Страховщики критикуют идею платного доступа к врачебной тайне

Представители страхового сообщества критикуют идею платного доступа к сведениям, составляющим врачебную тайну. Такое предложение содержится в отзыве Минэкономразвития РФ на законопроект Минфина.

Финансовое ведомство еще в апреле разослало на согласование поправки к закону «Об организации страхового дела в РФ», согласно которым организации и индивидуальные предприниматели обязаны представлять страховщикам запрашиваемую ими информацию, связанную с наступлением страхового случая и необходимую для решения вопроса о страховой выплате. Поправки уточняют, что при запросе информации, составляющей врачебную тайну, такие сведения предоставляются страховщику при наличии письменного согласия лица или его законного представителя на обработку персональных данных, сообщил «Коммерсантъ».

страховщики критикуют идею платного доступа к врачебной тайне

Врачебная тайна в поправках — это подтверждение установления диагноза с указанием даты, фиксация обращения в медорганизацию или подтверждение установления лицу первой-третьей групп инвалидности с указанием даты проведения медико-социальной экспертизы.

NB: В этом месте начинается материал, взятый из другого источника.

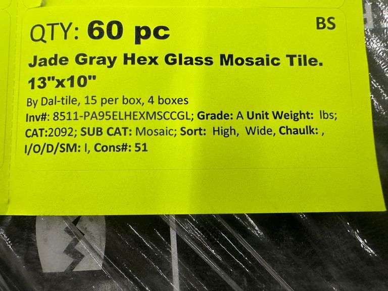 Jade Gray Hex Glass Mosaic Tile 13"x10". By Dal-tile, 15 per box, 4 Boxes, Grade: A Weight: x. Sold by: Piece. Sold as: Price x Quantity.
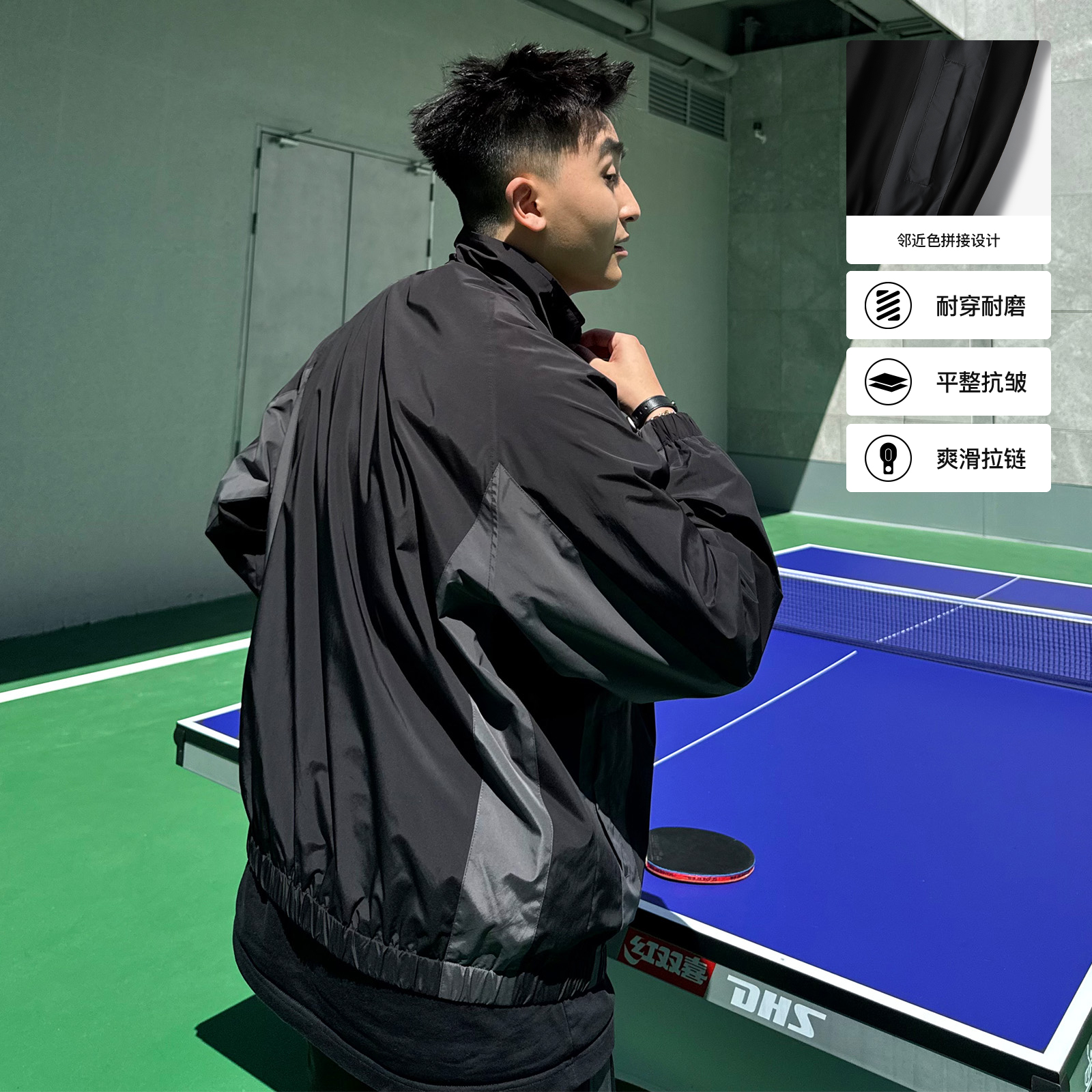 SANBAI 叁佰【先锋男孩】黑色拼色运动外套男士立领美式休闲夹克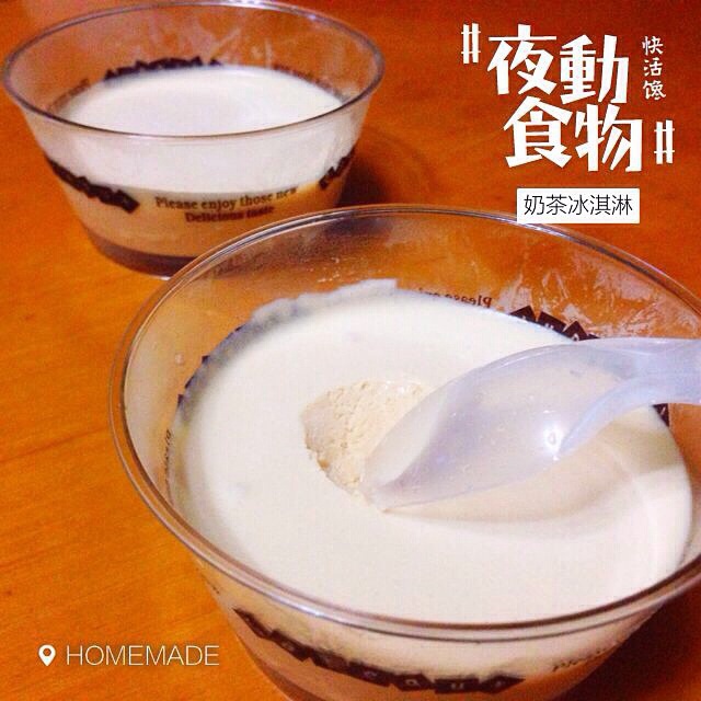 终于做到一挖就开不硬的冰淇淋!做的是奶茶味,甜了点~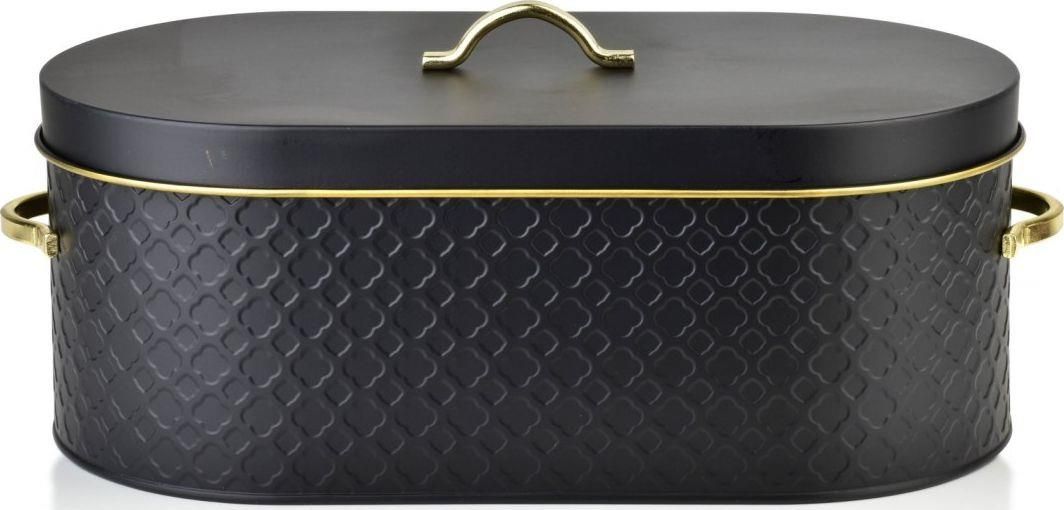 Chlebak Pojemnik na Chleb Sandy Black – Elegancja i Styl w Twojej Kuchni Chlebak Sandy Black marki Cookini to wyjątkowy pojemnik na chleb, który łączy nowoczesny design z funkcjonalnością. Wykonany z wysokiej jakości stali nierdzewnej, charakteryzuje się eleganckim, czarnym kolorem i subtelnym, tłoczonym wzorem. Złote wykończenia dodają mu luksusowego charakteru, sprawiając, że stanie się on nie tylko praktycznym, ale również dekoracyjnym elementem każdej kuchni. Idealny do nowoczesnych wnętrz, jak i klasycznych przestrzeni, które potrzebują odrobiny wyrafinowanego stylu. Cechy Produktu Wysoka jakość materiału: Chlebak Sandy Black jest wykonany z stali nierdzewnej, co zapewnia jego odporność na uszkodzenia i korozję. Jest łatwy do czyszczenia, a jego trwałość gwarantuje długotrwałe użytkowanie. Elegancki design: Czarny kolor w połączeniu ze złotymi wykończeniami nadaje chlebakowi nowoczesny, ale jednocześnie ponadczasowy wygląd. Tłoczony wzór wprowadza subtelny akcent dekoracyjny, który sprawia, że produkt staje się ozdobą każdej kuchni. Funkcjonalność: Dzięki wymiarom (34 cm długości, 18 cm szerokości i 13 cm wysokości, 15 cm z uchwytami) chlebak zapewnia odpowiednią przestrzeń do przechowywania chleba, bułek i innych wypieków. Dzięki odpowiednim proporcjom, pieczywo pozostaje świeże przez dłuższy czas, a jego przechowywanie jest wygodne i estetyczne. Bezpieczny kontakt z żywnością: Produkt jest bezpieczny w kontakcie z żywnością, co gwarantuje, że przechowywane w nim pieczywo jest w pełni bezpieczne do spożycia. Stylowe wykończenia: Złote uchwyty i detale to akcenty, które nadają chlebakowi luksusowego charakteru, idealnie komponując się z nowoczesnym stylem kuchni. Wymiary Długość: 34 cm (36 cm z uchwytami) Szerokość: 18 cm Wysokość: 13 cm (15 cm z uchwytami) Pakowanie Chlebak Sandy Black jest zapakowany w elegancki color box, co sprawia, że może być doskonałym pomysłem na prezent dla miłośników pięknych akcesoriów kuchennych. Dane techniczne Marka: Cookini Materiał: Stal nierdzewna Kolor: Czarny z złotymi wykończeniami Wymiary: 34x18x13 cm (15 cm z uchwytami) Waga: 1,14 kg Bezpieczny kontakt z żywnością Dlaczego warto wybrać Chlebak Sandy Black? Chlebak Sandy Black to połączenie elegancji, funkcjonalności i trwałości. Jego subtelny tłoczony wzór i złote akcenty sprawiają, że jest to doskonały wybór dla osób, które cenią piękno w każdym detalu. Metalowa konstrukcja zapewnia długotrwałe użytkowanie, a nowoczesny wygląd wkomponuje się w każde wnętrze. Doskonały wybór do nowoczesnych, jak i klasycznych kuchni. Chlebak Sandy Black to elegancki wybór, który idealnie uzupełni każdą kuchnię, zapewniając odpowiednie warunki do przechowywania pieczywa, jednocześnie dodając wnętrzu luksusowego charakteru.

В страховом сообществе рассчитывают, что оформление законом доступа к врачебной тайне позволит им снизить выплаты мошенникам, Однако не согласны с тем, что за предоставление сведений необходимо платить.

Как заявил порталу Medvestnik.ru президент Межрегионального союза медицинских страховщиков Дмитрий Кузнецов, пытаться заставить платить за доступ к врачебной тайне медстраховщиков, мягко говоря, глупо. «Страховщики в системе ОМС располагают финансовыми средствами, которые они получают исключительно для выполнения предусмотренных законодательством целей. «Я очень сомневаюсь, что целевые средства ОМС целесообразно направлять на нецелевые расходы, то есть не на оплату медицинской помощи, а на получение доступа к персональным данным. В законе об обязательном медицинском страховании даже мысли об этом нет, и больше того, согласно законодательству к врачебной тайне страховщики причастны в том объеме, в котором требуется», — пояснил он.

По его словам, есть сомнения в целесообразности взимания платы и за рамками ОМС. «При заключении договора с компанией, занимающейся ДМС, гражданин точно также дает согласие на получение сведений о своей врачебной тайне. Тогда на каком основании медучреждение или кто там планирует быть оператором персональных данных, которые должны передаваться страховой организации, будут брать деньги? То же и со страхованием жизни. То есть, в моем понимании, идея брать со страховых компаний плату за доступ к врачебной тайне — это поиски не совсем адекватного способа зарабатывания денег. Притом, что эти деньги должны тратиться на оказание помощи», — подчеркнул Дмитрий Кузнецов.

Генеральный директор PPF Страхование жизни Сергей Перелыгин также указывает, что страхование жизни выполняет социальную функцию, поэтому государство должно быть заинтересовано в предоставлении доступа к врачебной тайне, чтобы люди оперативно получали выплаты от страховщиков. В то же время, по его словам, у страхового сообщества есть понимание, что для разработки новых процедур и систем нужны инвестиции. И если доступ к системе с медкартами будет приемлемым по качеству и цене, они будут готовы за это не заплатить.

Сбор данных о пациенте — сложная работа, и она должна оплачиваться как страховщиками в системе ОМС, так и коммерческими организациями, уверен глава НИИ организации здравоохранения и медицинского менеджмента Москвы Давид Мелик-Гусейнов. Требовать оплату только с последних несправедливо.

Между тем в Минздраве РФ не разделяют эту точку зрения, по крайней мере, в отношении СМО. Там отметили, что рассматриваемый законопроект ничего не меняет в правовом статусе врачебной тайны, установленном Федеральным законом «Об основах охраны здоровья граждан»: сведения о состоянии здоровья гражданина составляют врачебную тайну и могут быть предоставлены страховщику или любому другому субъекту правоотношений только с письменного согласия гражданина или его законного представителя.

«Кроме того, важно иметь в виду, что в обязательном медицинском страховании нет коллизий, на решение которых направлен законопроект Минфина: право на обязательное медицинское страхование не обуславливается состоянием здоровья граждан, а, следовательно, у страховых компаний, работающих в ОМС, нет задачи выяснять, насколько здоров или не здоров гражданин, хоть уже застрахованный, хоть собирающийся застраховаться по ОМС», — сообщили РИА «Новости» в пресс-служба ведомства.